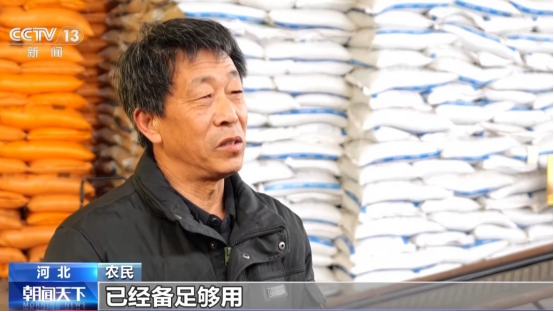農(nóng)民:今年在這買了12噸化肥,已經(jīng)備足夠用,馬上小麥返青澆水,咱們開始使用了。
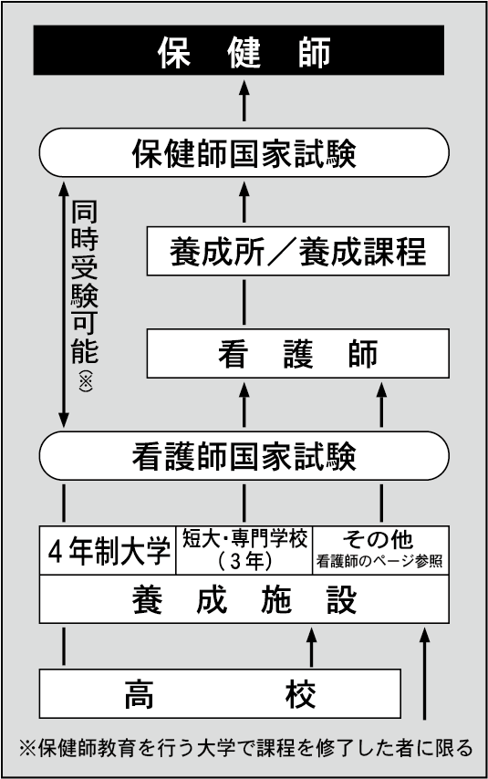 下のチャート図でわかるように、保健師は全員、看護師の資格をもつことになっている。大きく分けると、病気になった人を対象にするのが看護師、そうでない人々の健康を守るのが保健師と考えればよい。
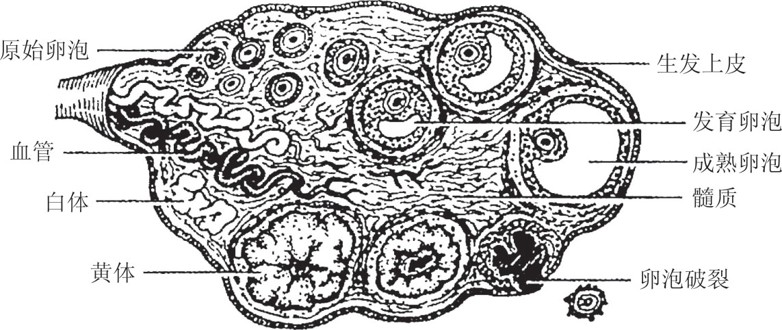 卵巢表面无腹膜,由单层立方上皮覆盖称生发上皮,其内有一层纤维组织称卵巢白膜,白膜下为卵巢实质,分皮质与髓质两部分。皮质在外层,其中有数以万计的原始卵泡(又称始基卵泡)及致密结缔组织;髓质在中心,无卵泡,含疏松结缔组织及丰富的血管、神经、淋巴及少量的平滑肌纤维(图2-5)。
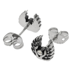 大きく広げた翼の真ん中にクリスタルのキュービックジルコニアが輝くステンレスピアス。セクシーなデザインワークが大人コーデをアシストしてくれる。ステンレスピアスはボディピアスの素材としてもよく使用されるとおり、比較的低アレルギー素材なので、ファーストピアスやセカンドピアスにも使える。また、1個から買えるので、無駄がなく価格も手ごろ。有名人も愛用者が多く、プレゼントにも最適のステンレスピアスです。耳たぶはもちろん、ヘリックスやトラガスなどの軟骨ピアスにも使えるのがステンレスピアスのいいところ。キャッチタイプなので、ピアス初心者でも簡単に着脱できる。デザインが豊富なのも嬉しい。
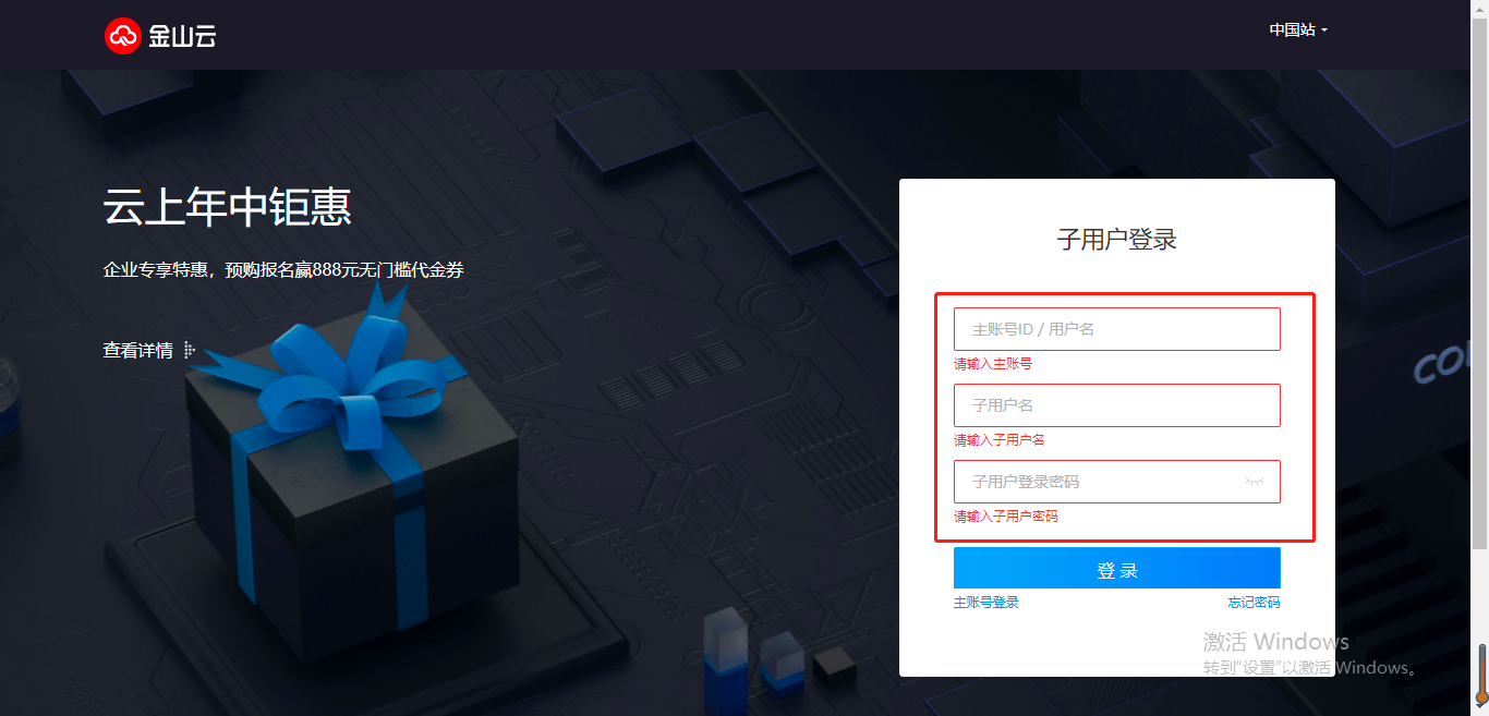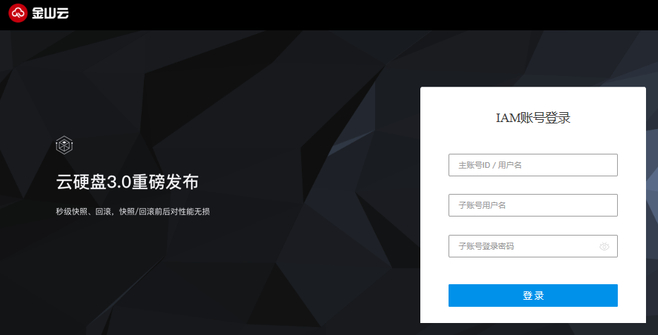 在新页面打开链接,输入主账号ID/用户名、子用户名和子账号密码即可登录
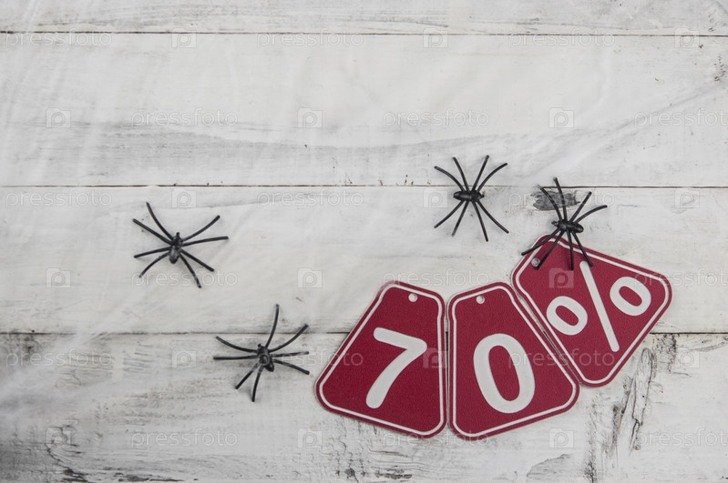 Семидесятипроцентная скидка на фоновый ценник Хэллоуина на деревенском старом деревянном фоне
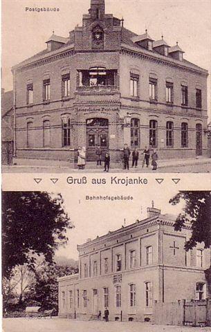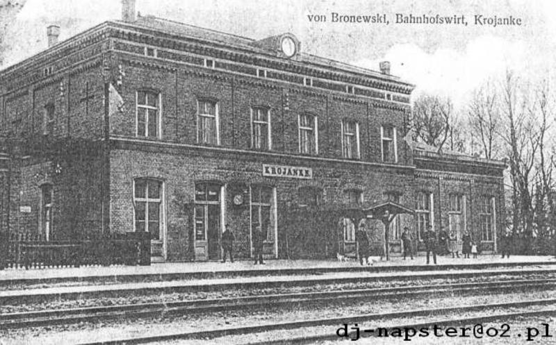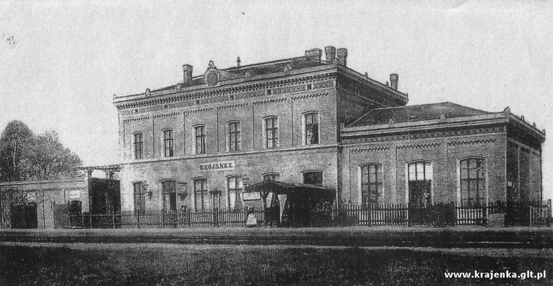 Dworzec kolejowy w Krajence. Widok od strony peronów i wjazdu z Piły. Zdjęcie z czasów przedwojennych.
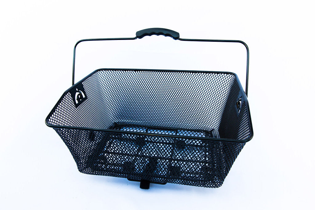 Rear rack mounted basket. Two type available. Traditional screw mounted rack basket or clip on basket. Great for folding bikes.
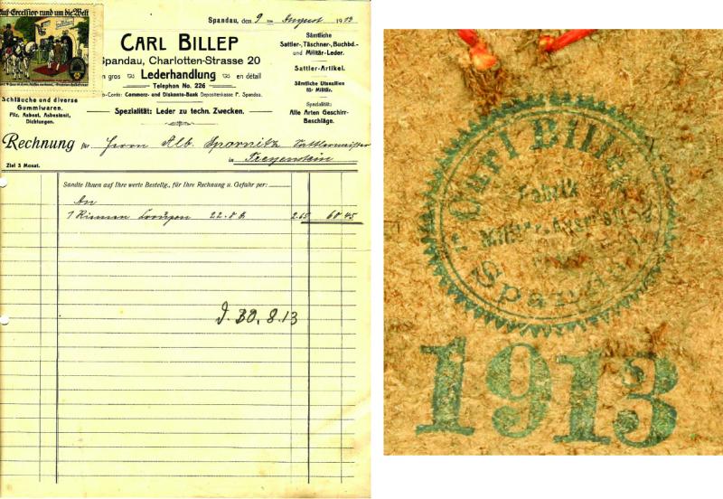 Como dices que te gustó lo de la luger sudafricana, te pongo el resto de fotos que tengo, la factura del fabricante de la funda, Carl Billep, el sello de tinta interno del fabricante, 2 vistas de la misma funda, que dicho de paso es realmente una obra de arte, y una vista de conjunto.
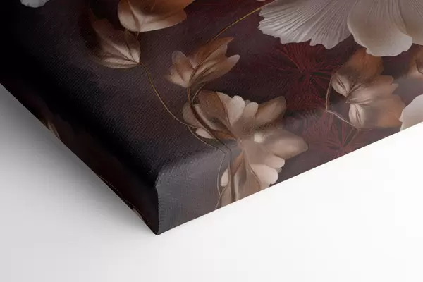 Schilderij Delicate pioenrozen met dunne, ijle bloemblaadjes, omgeven door donkerrode en gele bladeren tegen een abstracte achtergrond Art. s47435
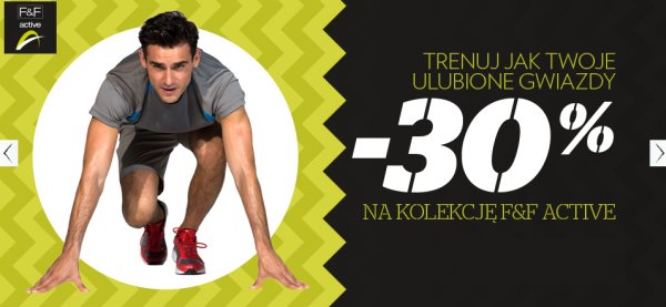 Nieważne czy biegasz w parku, czy ćwicząc na siłowni, dzięki ofercie -30% na kolekcję sportową F&F Active możesz wyglądać stosownie w każdej sportowej sytuacji. Gwiazdy przyłapane podczas treningu wyglądają bardzo stylowo – teraz czas na Ciebie. Wybieraj wśród sportowych T-shirtów, szortów oraz bielizny. Spraw sobie prezent!
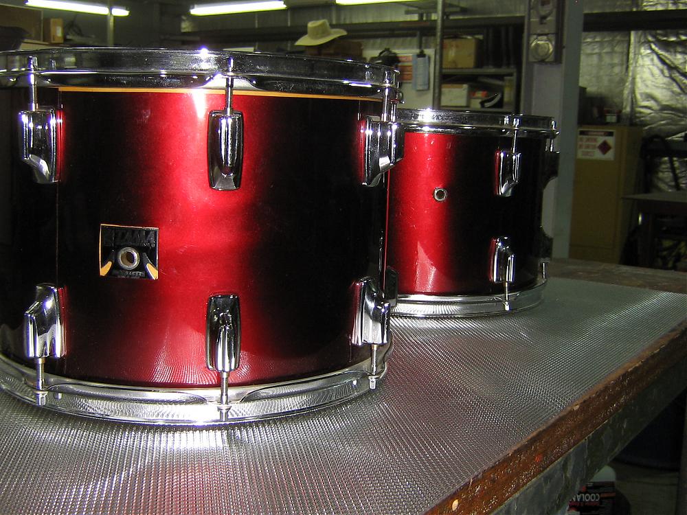 couldn't help myself and unwrapped the snare, no such luck just obvious that the original wrap has been removed. unwrapped the 13'' tom and as i thought a natural lacquered finish that has the usual tell tale of a players kit, but more preferred than the el cheapo silver back red wrap, i have taken this stuff off low end kits with view to paint the shells and i hate the stuff but to be fair to who ever did this rewrap theres not a lot of drum wrap available in australia. discovered a broken lug to boot, will check out others as i go. i am sure the shells will look fine after i have unwrapped and cleaned as all of my kits i class as players but will seriously consider wrapping the trak snare, maybe in a good quality chrome wrap.
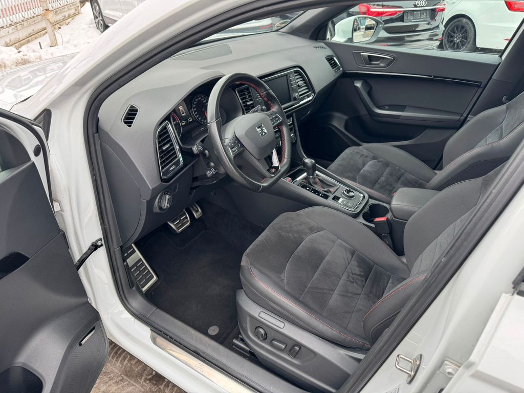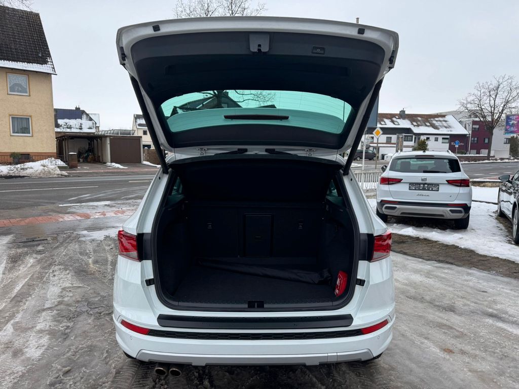 3. Bremsleuchte, Airbag Beifahrerseite abschaltbar, Airbag Fahrer-/Beifahrerseite, Alcantara-Paket, Antriebs-Schlupfregelung (ASR), Antriebsart: Allradantrieb, Außenspiegel elektr. verstell-, heiz- und anklappbar mit Spiegelabsenkung und Welcome Light, Außenspiegel elektr. verstell-, heiz- und anklappbar, beide, Außenspiegel lackiert, Außenspiegel und Türgriffe außen in Wagenfarbe, Blinkleuchte in Außenspiegel integriert, Bordcomputer, Bremsassistent, Chromleisten an Seitenfenstern, Dachhimmel schwarz, Dachreling, Doppeltonhorn, Fahrassistenz-System: Berganfahr-Assistent (Hill-Holder), Fahrassistenz-System: Fahrprofilauswahl (SEAT Drive Profile), Fahrassistenz-System: Müdigkeitserkennung, Fahrassistenz-System: Umfeldbeobachtungssystem (Front assist) mit City-Notbremsfunktion, Fensterheber elektrisch vorn + hinten, Fußraumbeleuchtung vorn, Gepäckraumabdeckung / Rollo, Handschuhfach beleuchtet, Heckleuchten LED, Innenausstattung: Chrom-Applikationen, Innenraumlicht-Paket LED, Isofix-Aufnahmen für Kindersitz, Karosserie: 5-türig, Klimaanlage Climatronic 2-Zonen, Knieairbag Fahrerseite, Komfortsitze, Kopf-Airbag-System, Kopfstützen hinten (3-fach), Kopfstützen vorn, Lendenwirbelstütze Sitz vorn links, verstellbar, Lendenwirbelstütze Sitz vorn rechts, verstellbar, Lendenwirbelstütze verstellbar, Lenkrad (Sport/Leder) mit Multifunktion, LM-Felgen, Mittelarmlehne hinten, Mittelkonsole vorn mit Mittelarmlehne, Becherhalter, Ablagebox und Luftdüsen hinten, Motor 2,0 Ltr. - 140 kW TSI, Parkbremse elektrisch, Radstand 2630 mm, Reifenkontroll-Anzeige, Rücksitzlehne klappbar, Rücksitzlehnen umklappbar mit Fernentriegelung im Kofferraum, Schadstoffarm nach Abgasnorm Euro 6, Schalt-/Wählhebelgriff Leder, Scheinwerfer LED, Seitenairbag, Seitenscheiben hinten und Heckscheibe abgedunkelt, Sitz vorn links höhenverstellbar, Sitz vorn rechts höhenverstellbar, Start/Stop-Anlage, Stau-/Ablagefach unter Sitz vorn links, Steckdose (12V-Anschluß) vorn, Stoßfänger FR-Design, Verglasung getönt, Verzurrösen Koffer-/Laderaum, Wärmeschutzverglasung
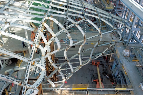 新会议中心因为其非凡的艺术价值,创新的物流模式和高新材料的选用而显得极为出众。综合体具有多种用途,可供举办各型会议展览,“云”可容纳1 850人,加上各种大型会议室共计6 500席,整个综合体容量上限为9 000人。会议中心采用一系列的环保措施,力求达到节能减排。设计包括一个气候控制系统,空调可根据室内实际人口密度确定最佳能源使用计划;在“囊”的表面添加太阳能光伏装置进行自然发电,并通过缓解阳光照射的手段防止建筑过热,与传统空调的固定制冷过程相比可大幅节能。
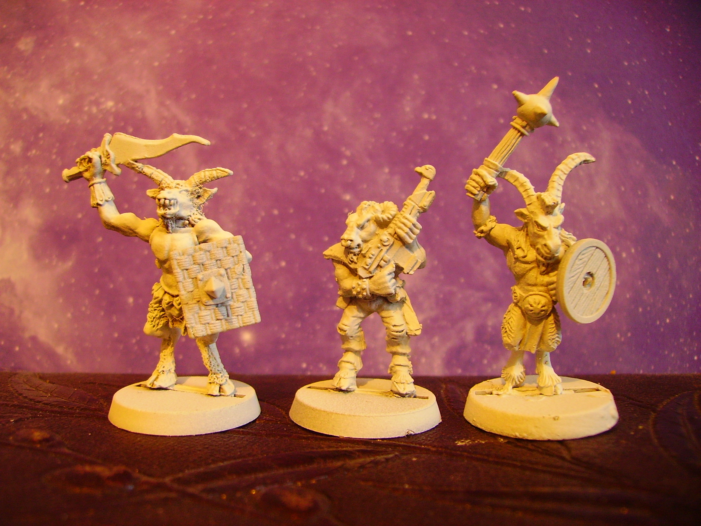 The beastman I got has an autogun and he is holding it pointed up . You have some like him - he is really cool and I will call him fredrick the beastman. Or maybe Derik. I have other beastmen of the spiked club and shield variety but thats ok. A wooden shield, while completly useless for stopping bullets, does give me something fun to paint freehand designs on

=======

**Prompt**: Using the entries above, transcribe every line from the line containing "卵巢表面无腹膜,由单层立方上" through the line containing "Dworzec kolejowy w". Do not copy pictures.

**Solution**:
 卵巢表面无腹膜,由单层立方上皮覆盖称生发上皮,其内有一层纤维组织称卵巢白膜,白膜下为卵巢实质,分皮质与髓质两部分。皮质在外层,其中有数以万计的原始卵泡(又称始基卵泡)及致密结缔组织;髓质在中心,无卵泡,含疏松结缔组织及丰富的血管、神经、淋巴及少量的平滑肌纤维(图2-5)。
 大きく広げた翼の真ん中にクリスタルのキュービックジルコニアが輝くステンレスピアス。セクシーなデザインワークが大人コーデをアシストしてくれる。ステンレスピアスはボディピアスの素材としてもよく使用されるとおり、比較的低アレルギー素材なので、ファーストピアスやセカンドピアスにも使える。また、1個から買えるので、無駄がなく価格も手ごろ。有名人も愛用者が多く、プレゼントにも最適のステンレスピアスです。耳たぶはもちろん、ヘリックスやトラガスなどの軟骨ピアスにも使えるのがステンレスピアスのいいところ。キャッチタイプなので、ピアス初心者でも簡単に着脱できる。デザインが豊富なのも嬉しい。
 在新页面打开链接,输入主账号ID/用户名、子用户名和子账号密码即可登录
 Семидесятипроцентная скидка на фоновый ценник Хэллоуина на деревенском старом деревянном фоне
 Dworzec kolejowy w Krajence. Widok od strony peronów i wjazdu z Piły. Zdjęcie z czasów przedwojennych.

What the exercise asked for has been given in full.